[Items listed in a dataset]
########################################
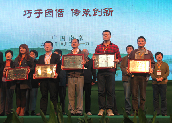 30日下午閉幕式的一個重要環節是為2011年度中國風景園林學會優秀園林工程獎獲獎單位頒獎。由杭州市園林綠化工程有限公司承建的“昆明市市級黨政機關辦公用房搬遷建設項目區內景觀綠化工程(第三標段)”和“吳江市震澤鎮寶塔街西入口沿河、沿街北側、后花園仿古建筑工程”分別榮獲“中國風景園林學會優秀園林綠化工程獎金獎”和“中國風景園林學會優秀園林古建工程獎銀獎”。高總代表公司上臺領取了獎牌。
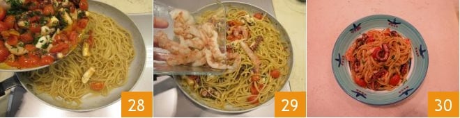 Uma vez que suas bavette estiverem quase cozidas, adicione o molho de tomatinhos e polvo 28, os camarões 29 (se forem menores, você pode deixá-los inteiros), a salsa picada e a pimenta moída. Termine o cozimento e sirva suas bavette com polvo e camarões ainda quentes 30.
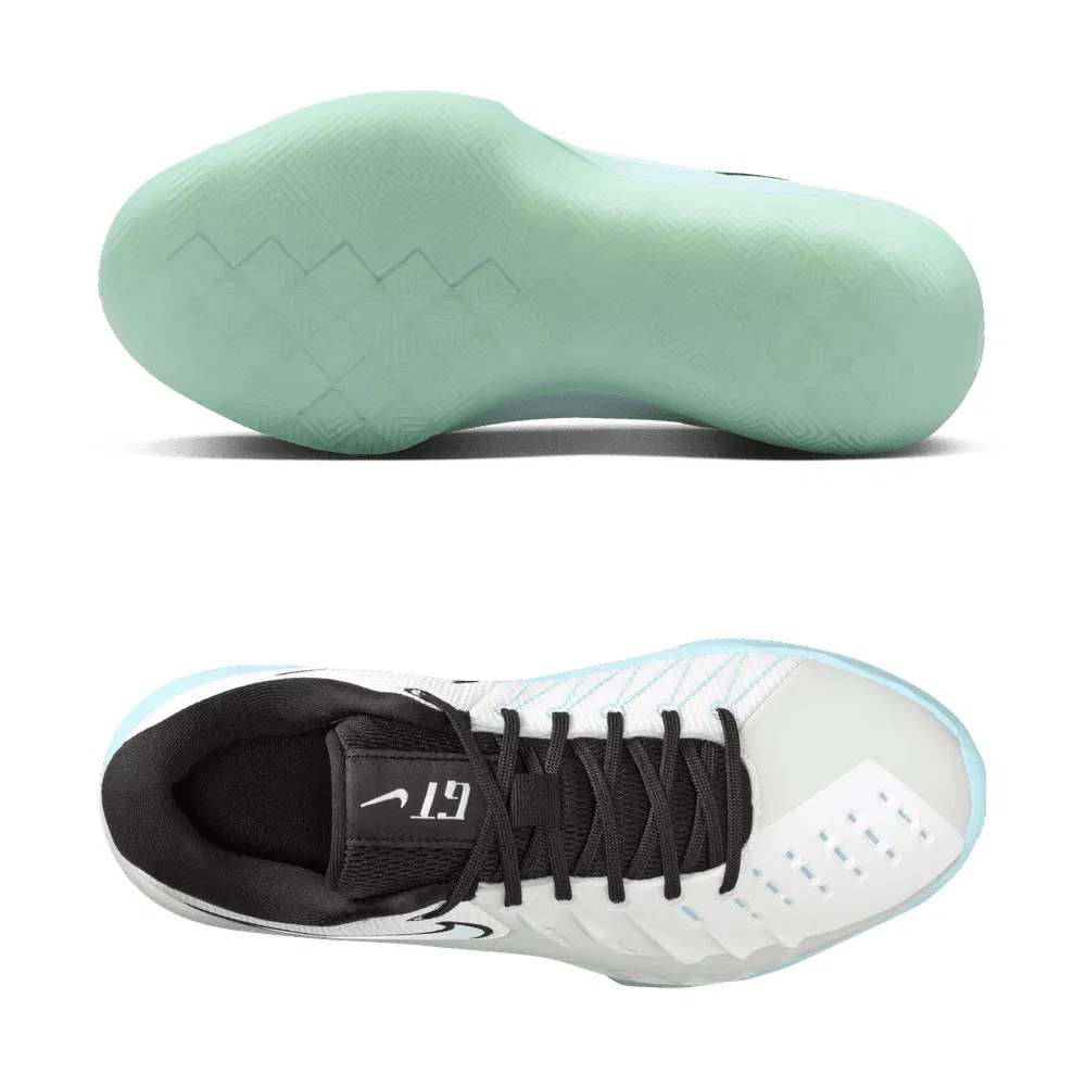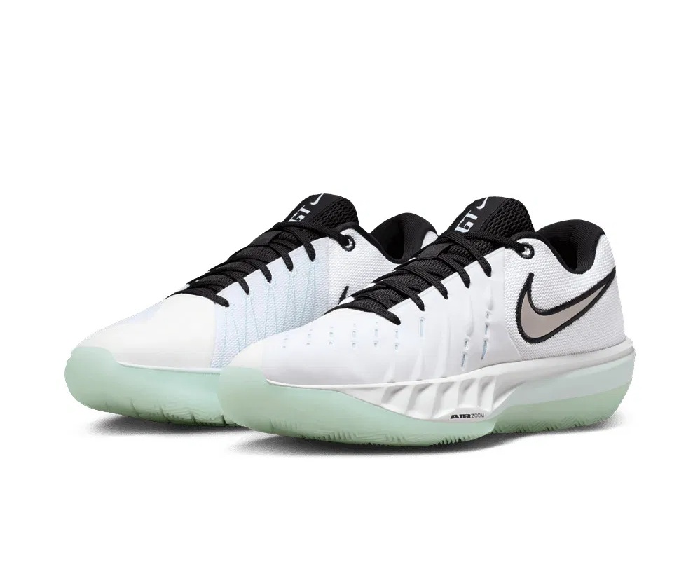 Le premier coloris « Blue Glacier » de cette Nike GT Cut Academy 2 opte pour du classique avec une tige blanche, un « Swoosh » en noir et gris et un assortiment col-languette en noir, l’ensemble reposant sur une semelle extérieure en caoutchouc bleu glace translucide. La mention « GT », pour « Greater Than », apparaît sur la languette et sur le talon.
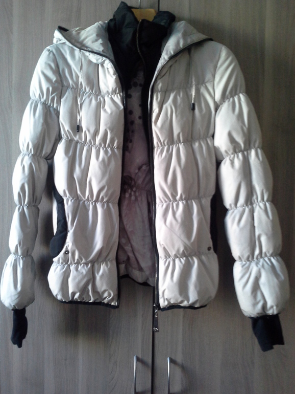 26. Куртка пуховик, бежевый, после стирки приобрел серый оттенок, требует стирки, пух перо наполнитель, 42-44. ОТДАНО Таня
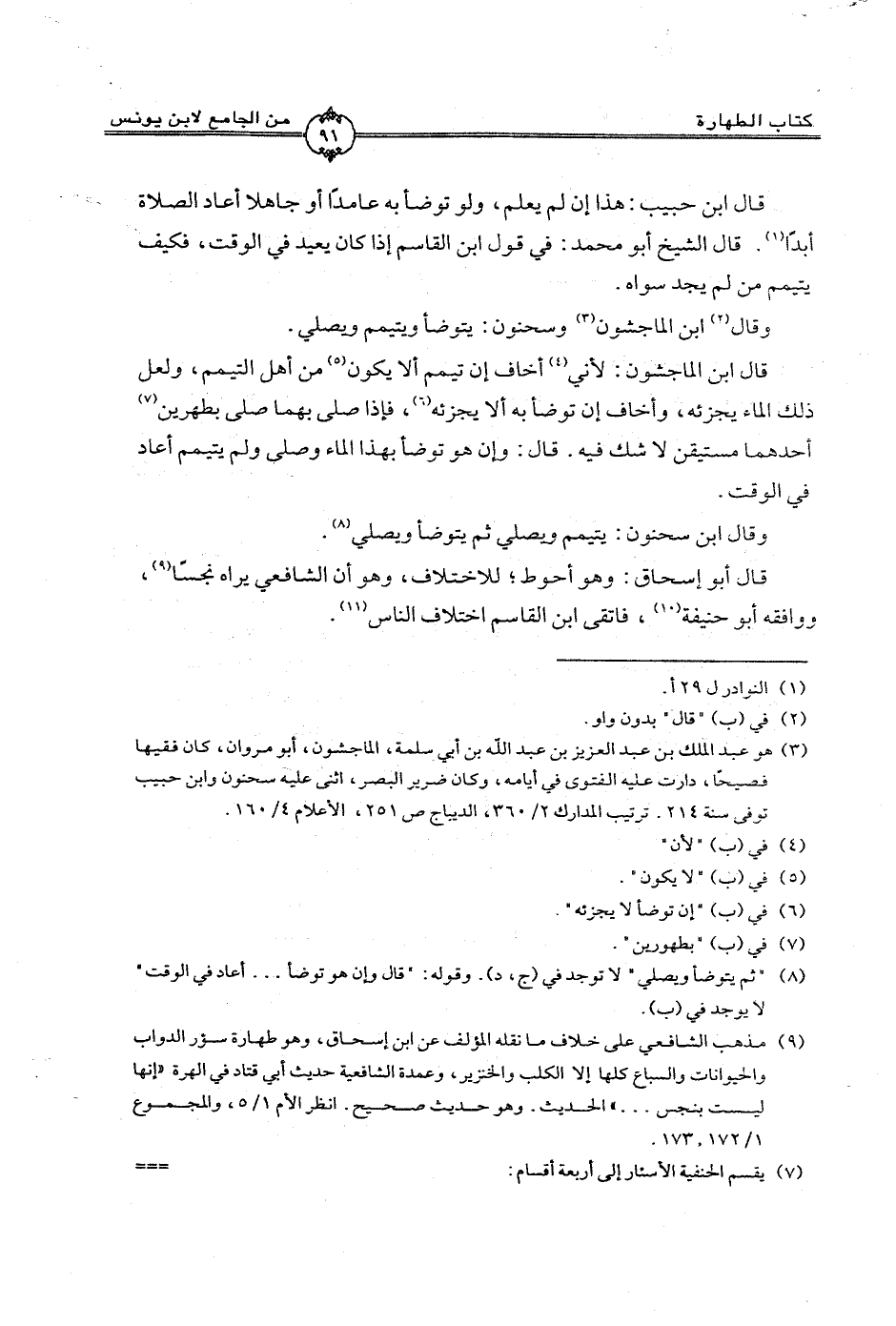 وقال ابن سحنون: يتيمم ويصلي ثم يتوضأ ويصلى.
########################################
PROBLEM DESCRIPTION
Take the line that contains "Le premier coloris" and every line after it to the end of the records above; quote them exactly, leaving out the pictures.

RESULT BELOW
 Le premier coloris « Blue Glacier » de cette Nike GT Cut Academy 2 opte pour du classique avec une tige blanche, un « Swoosh » en noir et gris et un assortiment col-languette en noir, l’ensemble reposant sur une semelle extérieure en caoutchouc bleu glace translucide. La mention « GT », pour « Greater Than », apparaît sur la languette et sur le talon.
 26. Куртка пуховик, бежевый, после стирки приобрел серый оттенок, требует стирки, пух перо наполнитель, 42-44. ОТДАНО Таня
 وقال ابن سحنون: يتيمم ويصلي ثم يتوضأ ويصلى.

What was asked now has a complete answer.